Out of 264 026 patients in the model development cohort, 84 627 had a positive RT-PCR for SARS-CoV-2, 140 553 were negative and 38 846 had pending results. After exclusion of patients with incomplete data and duplicated registries, 83 779 patients with a positive test were included to develop the model. Among the 592 160 patients in the model validation cohort, 256 488 patients had a positive result, 253 447 were negative and 82 225 had unreported results. After excluding duplicated and incomplete registries, and random sampling of positive cases, 100 000 patients were included to validate the model. Descriptive values of demographic characteristics, patient history and outcomes of patients (survivors and non-survivors) in both cohorts are provided in Table 1.

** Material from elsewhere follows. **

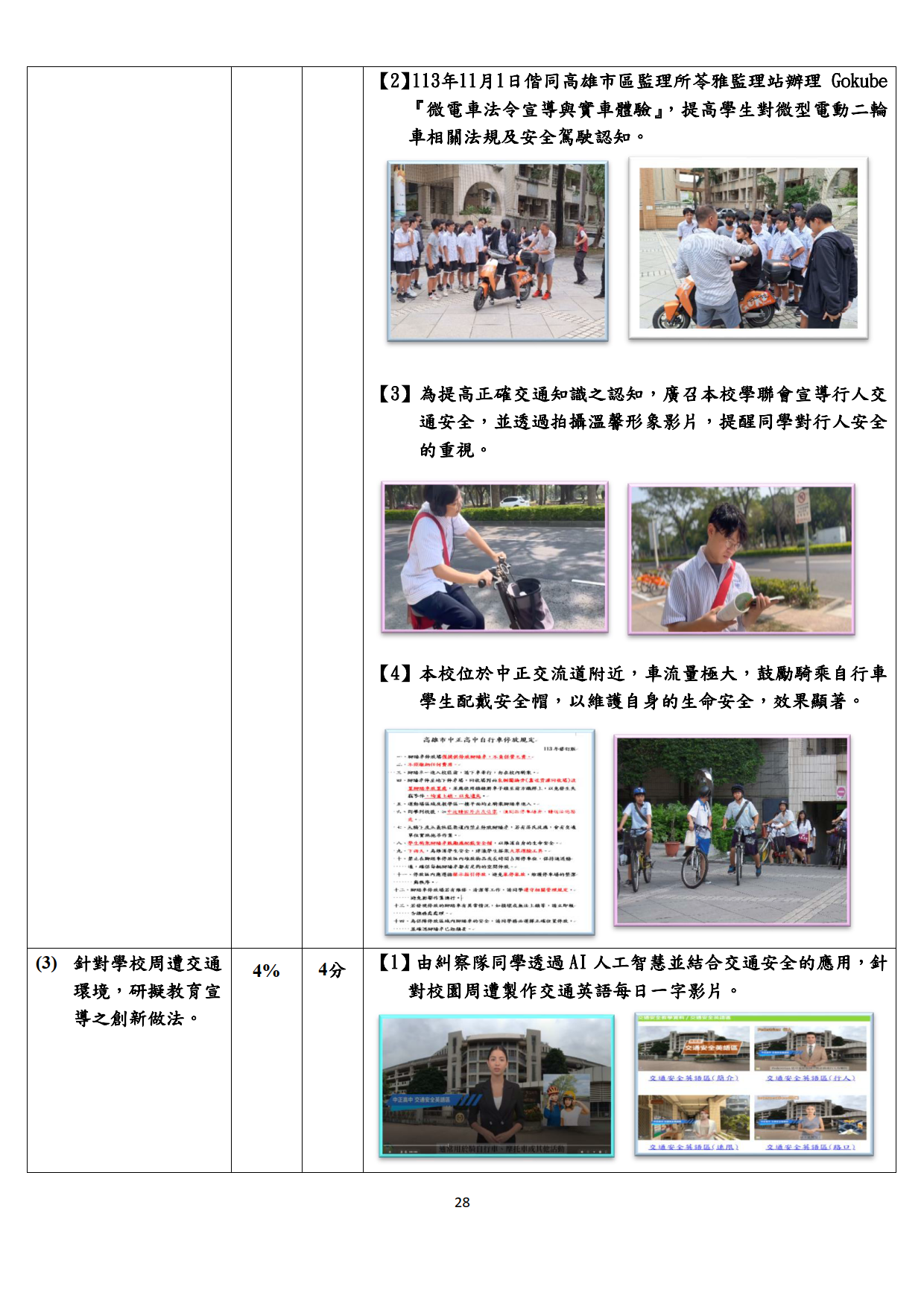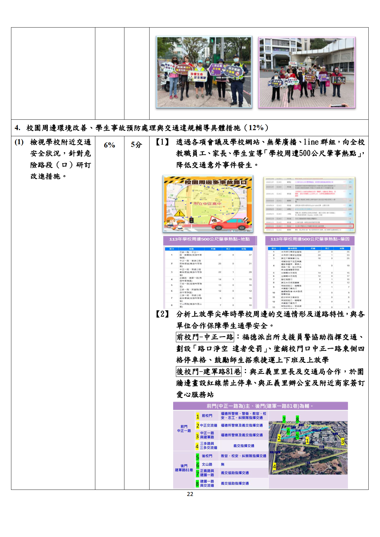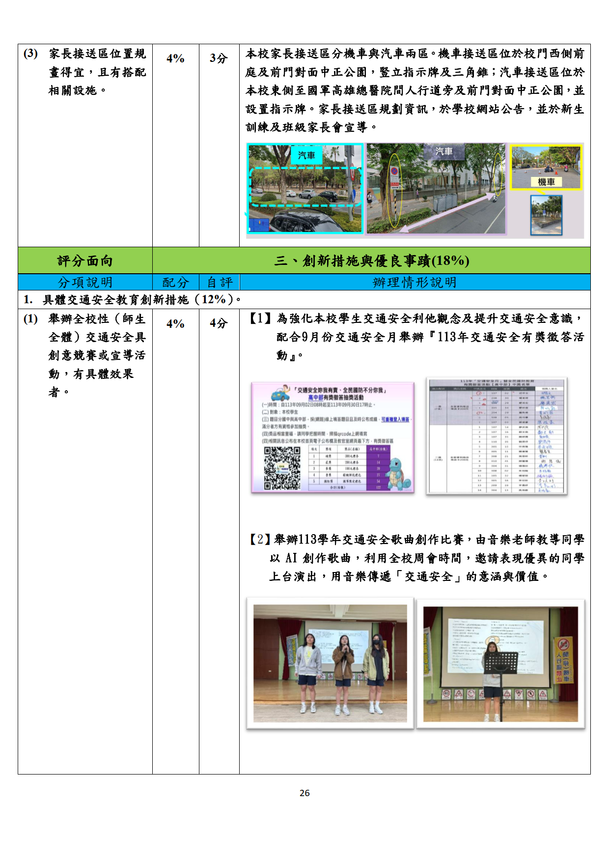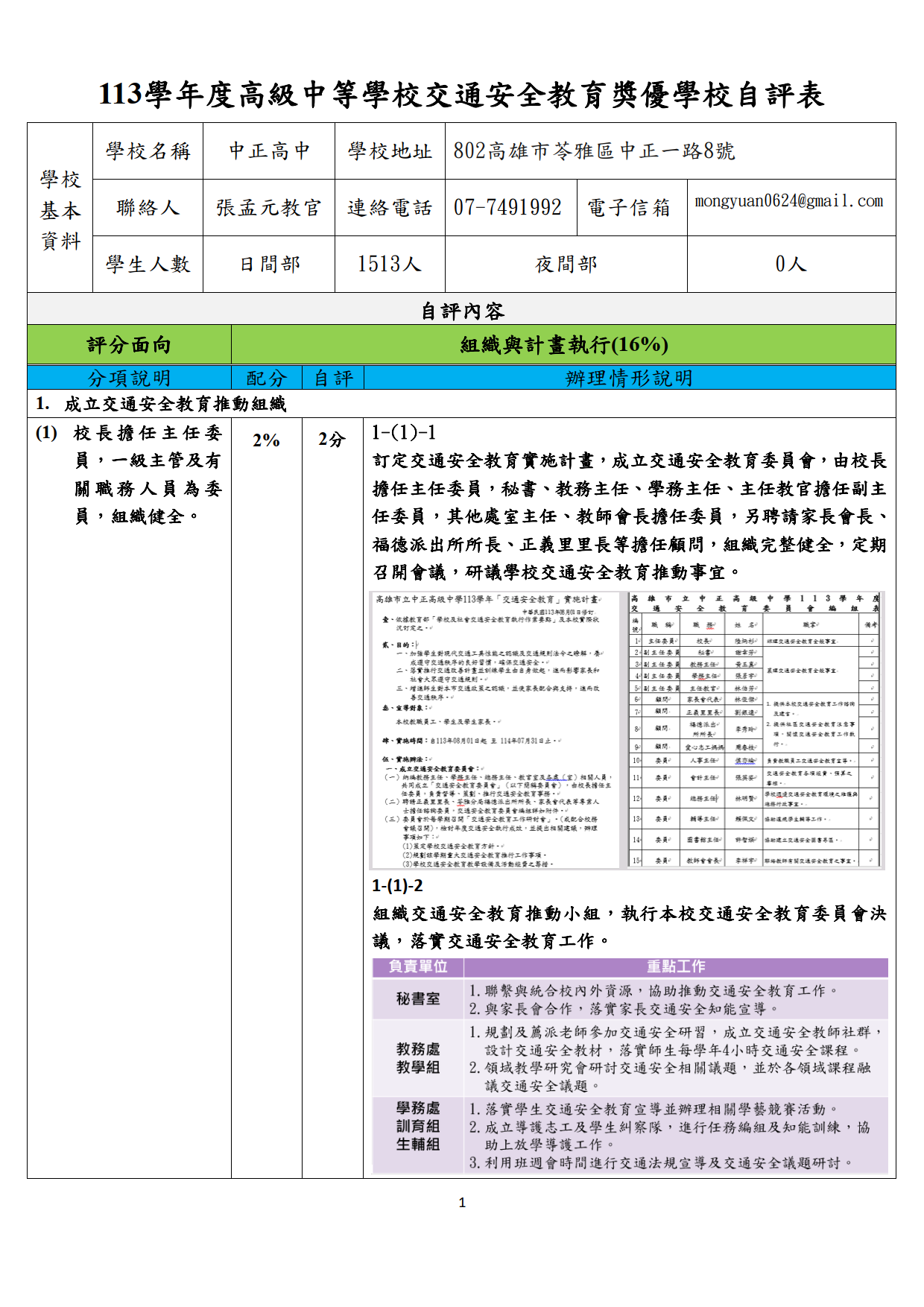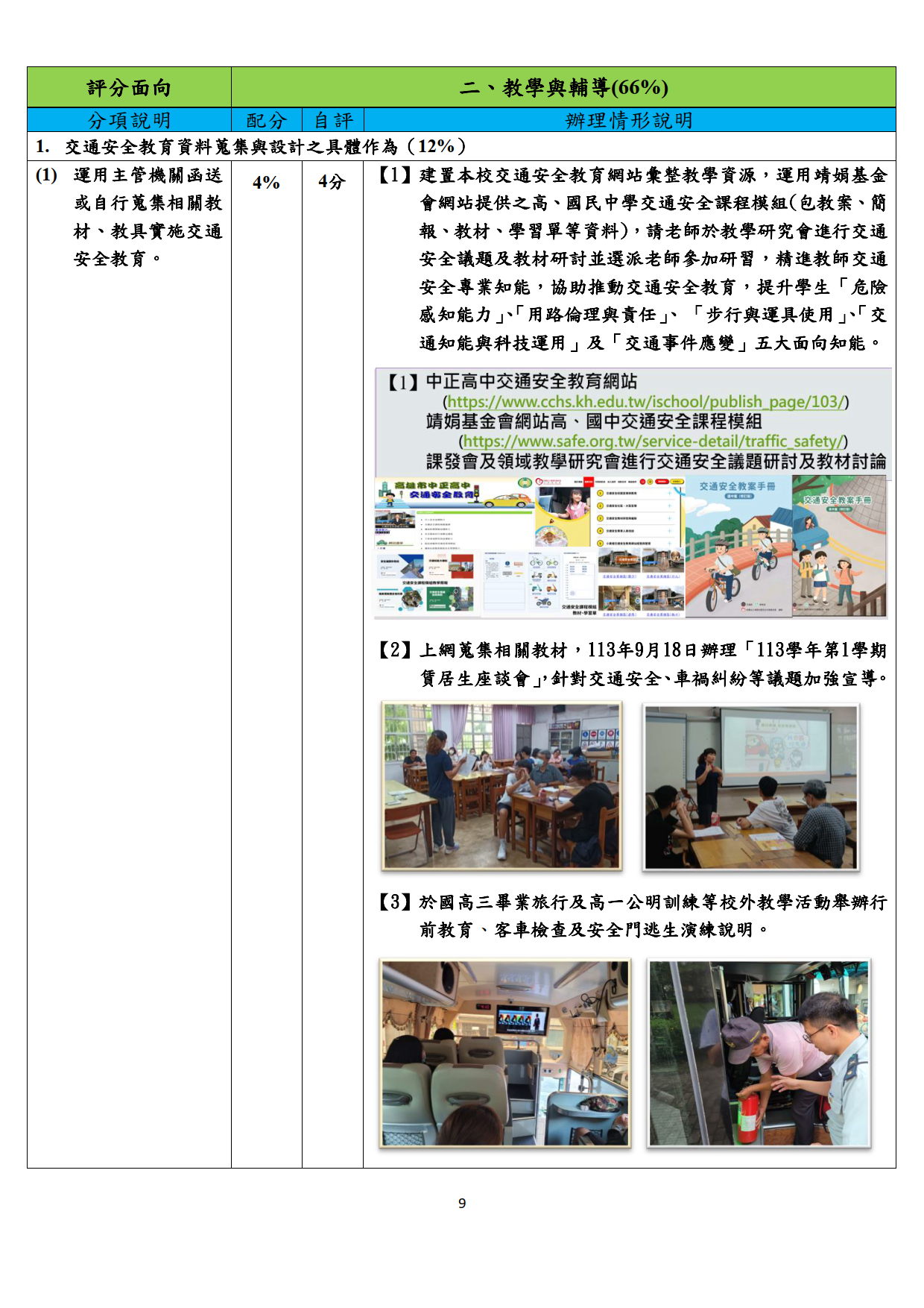 交通安全教育訪視專區 / 113學年度高雄市中正高中 交通安全訪視自評表

Table 1. Demographic characteristics, patient history data and outcomes in the model development and validation cohorts

Data are presented as mean values (s.d.), unless otherwise specified.

^a Statistical significance with respect to survivors.

Variables included in the Cox regression model are presented in Table 2. Eight risk factors were included in the model (age, sex, diabetes, COPD, immunosuppression, hypertension, obesity and CKD); the only quantitative variable was age. Age, diabetes and CKD were associated with the greatest increases in death. The predictive model has a discrimination of 0.8 (95% confidence interval (CI) 0.796–0.804) and an average survival of 0.903 with the mean values for every risk factor. The patient history COVID-19 (PH-Covid19) scoring system assigns a score to every risk factor ultimately included in the predictive model (Table 3); the sum of scores for all risk factors included ranges from −2 to 25 points. Predicted probabilities of death in patients with a positive test for SARS-CoV-2 for every possible total value in the scoring system range from 0.74% to 99.82% (Table 4).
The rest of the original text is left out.